Juramento o promesa de acatamiento a la Constitución

Constitucional

¿Cuál es el sentido del acto de juramento o promesa?

El juramento o promesa de acatamiento de la Constitución es la expresión formal, exigible a todos los que asumen un cargo o una función pública, de sometimiento y sujeción a la Constitución, como norma fundamental del Estado.

Es una exigencia debida de fidelidad a la Constitución. Así lo ha subrayado la Sentencia del Tribunal Constitucional 101/1983, de 18 de noviembre, que declara que la sujeción a la Constitución que proclama su artículo 9.1 CE es una consecuencia obligada de su carácter de Norma Suprema.

La sujeción a la misma se traduce en un deber de distinto signo para los ciudadanos y los poderes públicos. Mientras que los primeros tienen un deber general negativo de abstenerse de cualquier actuación que vulnere la Constitución, los titulares de los poderes públicos tienen, además, un deber general positivo de realizar sus funciones de acuerdo con la Constitución, es decir, que el acceso al cargo implique un deber positivo de acatamiento entendido como respeto a la misma, lo que no supone necesariamente una adhesión ideológica o una conformidad a su total contenido.
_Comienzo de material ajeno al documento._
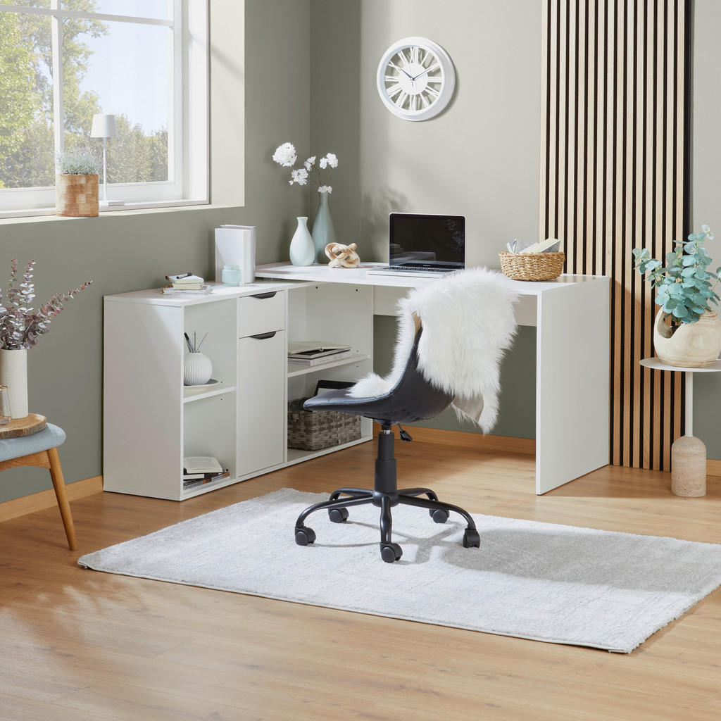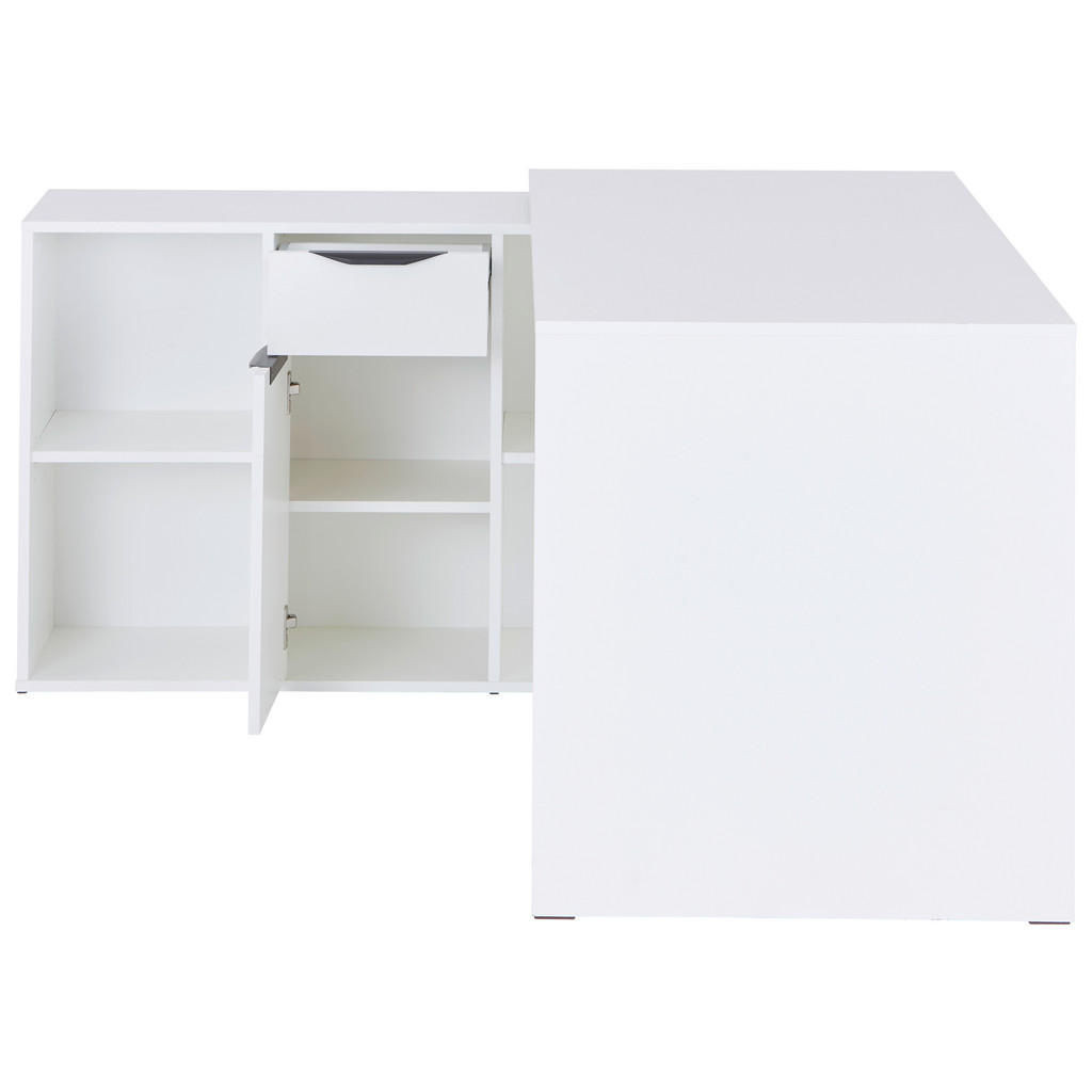 Vsak ustvarjalen trenutek, vsaka pomembna odločitev in vsaka šolska naloga potrebuje svoj prostor – prostor, kjer se lahko zberete, osredotočite in udobno delate. Pisalna miza LIVETASTIC ni le kos pohištva, ampak zanesljiv delovni sopotnik za vaš dom, pisarno ali študijsko sobo. Zaradi premišljene oblike in funkcionalne zasnove vam omogoča, da ostanete organizirani, produktivni in vedno pripravljeni na nove izzive. Kotna zasnova ponuja optimalen izkoristek prostora in dovolj delovne površine za računalnik, dokumente in druge pripomočke. Izdelana je iz kakovostne iverne plošče, površina pa je prevlečena s folijo, kar zagotavlja odpornost proti praskam. Predal in omarica omogočata pregledno shranjevanje vsega potrebnega pisarniškega materiala, dodatni odprti predali pa poskrbijo za hiter dostop do pogosto uporabljenih predmetov ali razstavljanje dragocenih spominkov. Ključne prednosti: Kotna oblika za optimalen izkoristek prostora in več delovne površine. Odporna na praske in enostavna za čiščenje. 4 odprte police za hiter dostop do pogosto uporabljenih predmetov. Stabilna in trpežna konstrukcija za dolgo življenjsko dobo. Možnost kombiniranja z dekorativnimi tekstiln

El acto de juramento es individual y específico y, como dice el Tribunal Supremo, no puede entenderse cumplido de manera implícita por el acceso a un cargo o a un empleo público ni tampoco puede entenderse "sustituido por el deber de actuar en el ejercicio de sus funciones". Es una obligación impuesta por la ley por cuyo cumplimento concreto e individualizado debe velar el poder público correspondiente.

¿Es conforme a derecho la fórmula de juramento o promesa "por imperativo legal"?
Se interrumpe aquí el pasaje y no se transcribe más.